En japon los sakuras estaban florecidos. Byakuya caminaba con Soi Fong sin escuchar en realidad lo que esta le decía y respondiendo monosílabos de vez en cuando. Habian decidido salir de nuevo el siguiente día. Él no quería quedarse en su casa. Buscaría de nuevo acerca de ella. Viendo a los petalos de Sakura caer por un momento a Byakuya le pareció ver a Hikifune toda de blanco parada al lado de un árbol. Parpadeo y la imagen se fue. Byakuya se quedó parado sorprendido. Soi Fong se dio la vuelta. –Esta todo bien?- le preguntó.
- No fue nada…- le dijo este mientras la alcazaba caminando.
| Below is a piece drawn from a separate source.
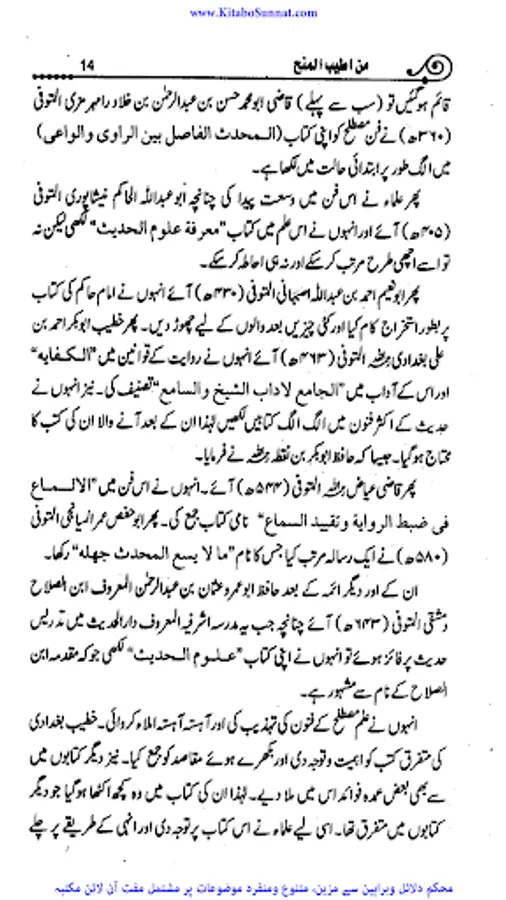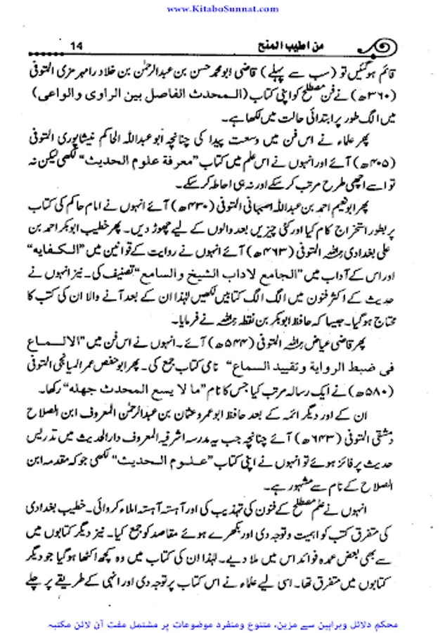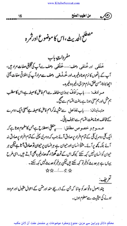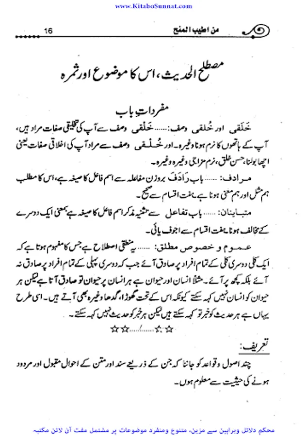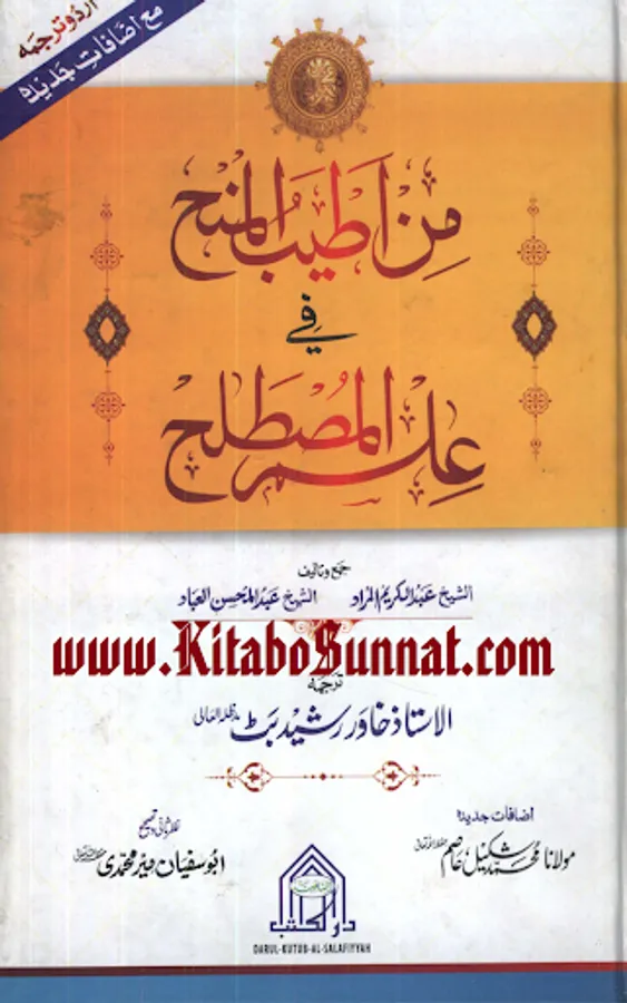 علم حدیث سے مراد ایسے قاعدوں اور ضابطوں کا علم ہے جن کے ذریعے سے کسی بھی حدیث کے راوی یا متن کے حالات کی اتنی معرفت حاصل ہوجائے کہ آیا راوی یا اس کی حدیث قبول کی جاسکتی ہے یا نہیں۔اور علم اصولِ حدیث ایک ضروری علم ہے ۔جس کے بغیر حدیث کی معرفت ممکن نہیں احادیث نبویہ کا مبارک علم پڑہنے پڑھانے میں بہت سی اصطلاحات استعمال ہوتی ہیں جن سے طالب علم کواگاہ ہونا از حدضرورری ہے تاکہ وہ اس علم میں کما حقہ درک حاصل کر سکے ، ورنہ اس کے فہم وتفہیم میں بہت سے الجھنیں پید اہوتی ہیں۔جس طرح گرائمر کے بغیر عربی زبان سمجھنا دشوار ہے بعینہٖ علم حدیث میں مہارت تامہ ، اصول حدیث میں کماحقہ دسترس رکھے بغیر ناممکن ہے ۔ اس موضوع پر ائمہ فن وعلماء حدیث نے مختصر ومطول بہت سے کتابیں تصنیف فرمائی ہیں۔ان میں سے سب سےمختصر ، جامع اور آسان شیخ عبد الکریم مراد ،شیخ عبد المحسن العباد کی مرتب شدہ زیر تبصرہ کتاب ’’ من اطیب فی علم المصطلح‘‘ ہے یہ کتاب اپنی افادیت واہمیت کے باعث مدینہ یونیورسٹی اور پاک وہند کے اہم مدارس میں شامل نصاب ہے ۔یہ چونکہ عربی زبان میں ہے جس عام آدمی مستفید نہیں ہوسکتا تھا۔اسی ضرورت کے پیش نظر محترم مولانا خاور رشید بٹ ﷾(مدرس جامعہ لاہور الاسلامیہ ،لاہور ودارالعلوم المحمدیہ ،لاہور ) نے اسے اردو قالب میں ڈھالا ہے ۔مترجم موصوف نے عربی عبارت کو مد نظر رکھتے ہوئے بے حد آسان اور عام فہم وبامحاورہ ترجمہ کا التزام کیا ہے اور ہر بحث سے پہلے مفردات باب کے نام سے مشکل الفاظ کے معانی وصیغے حل کیے ہیں،طلباء کےلیے مشقی سوالات مختلف انداز میں ترتیب دیئے گئے ہیں تاکہ طلبہ اسے آسانی سے سمجھ سکیں۔(م۔ا).
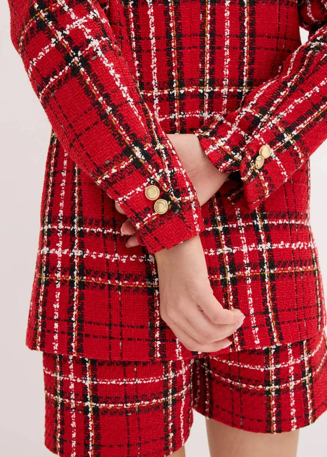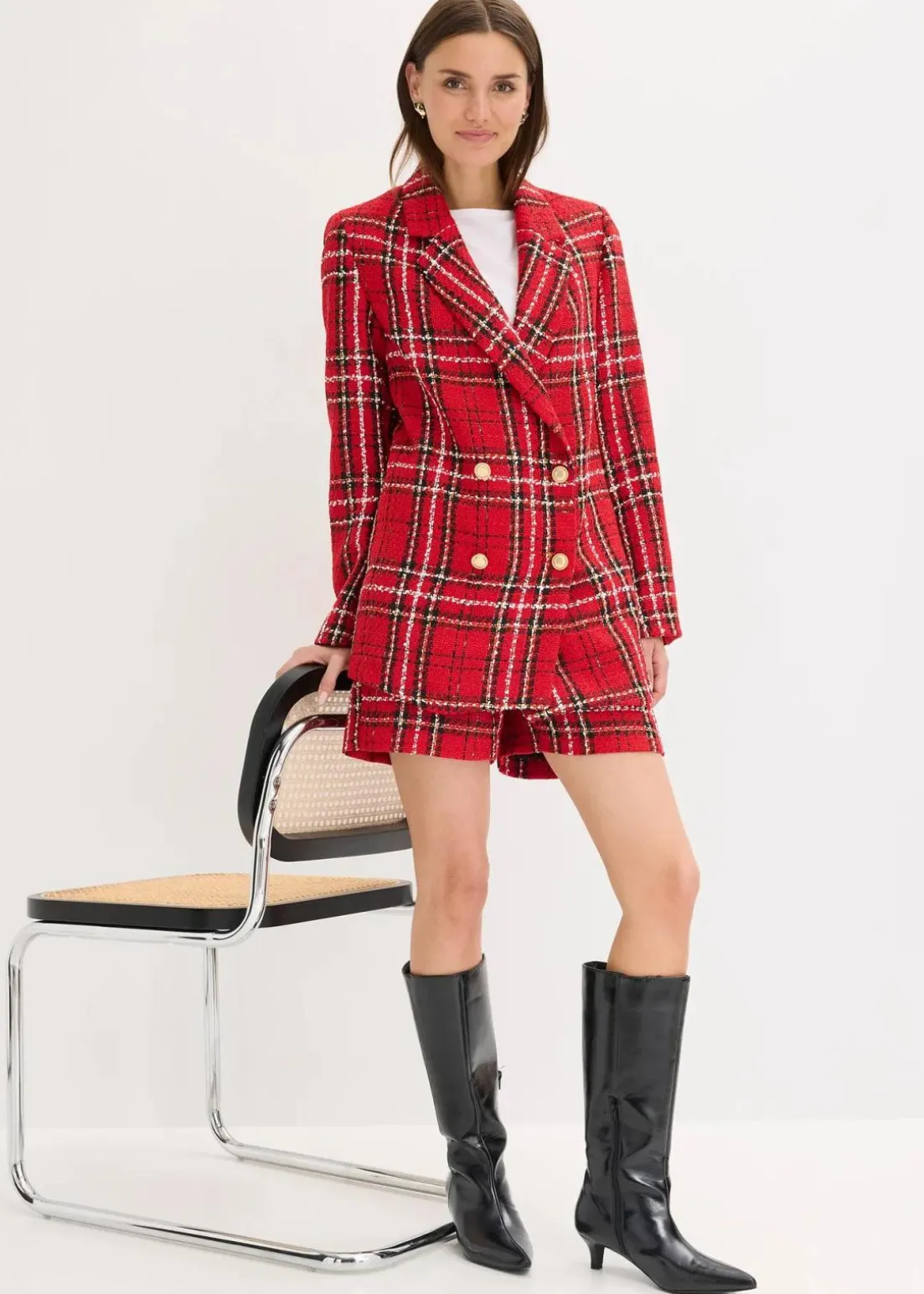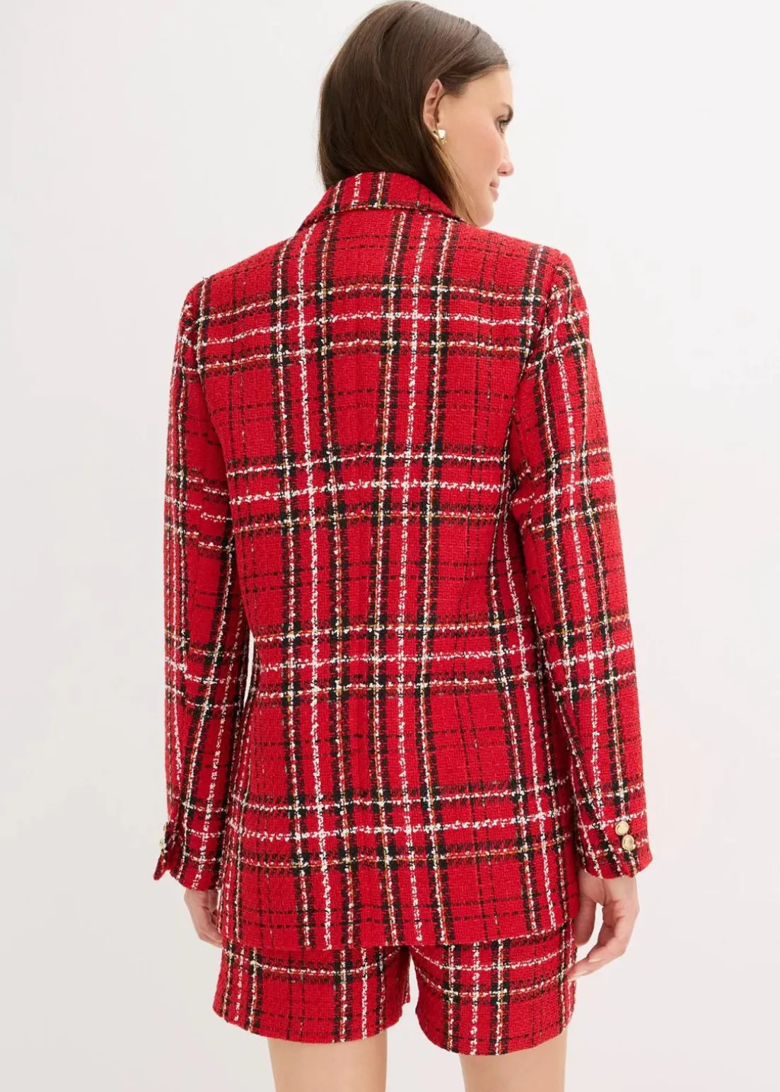 modischer Bouclé-Longblazer mit dekorativen Knöpfen

Aizen salió entre lágrimas del cuarto. Fue a la sala a buscar su teléfono para llamar al hospital o a alguien para arreglar el entierro. Vio el sobre en la mesa de la sala. Lo levantó, leyó la dirección en el sobre. Apretó el sobre y luego abrió la mano. "Hasta la última noche pensaste en él…" pensó. Puso el sobre en un maletín que tenia al lado de la mesa e hizo la llamada.
Hikifune la enterraron en Irlanda y Byakuya no se dio cuenta hasta varios meses después que Aizen regresó a Japón. Nunca supo los detalles de la muerte de esta y en realidad nunca preguntó. Aunque si le dolió saber que había muerto tan joven.
En el hotel Rukia sorprendida escuchaba la versión de Byakuya con Yoruichi confirmando los hechos.
-Aizen… se casó con Hikifune…- murmuró Rukia sorprendida. Después que le dijeran la historia recordaría el rostro del hombre al lado de Hikifune en la foto en la revista.
"Me uso para hacerle más daño a Byakuya… pero porque?" pensó amargamente Rukia.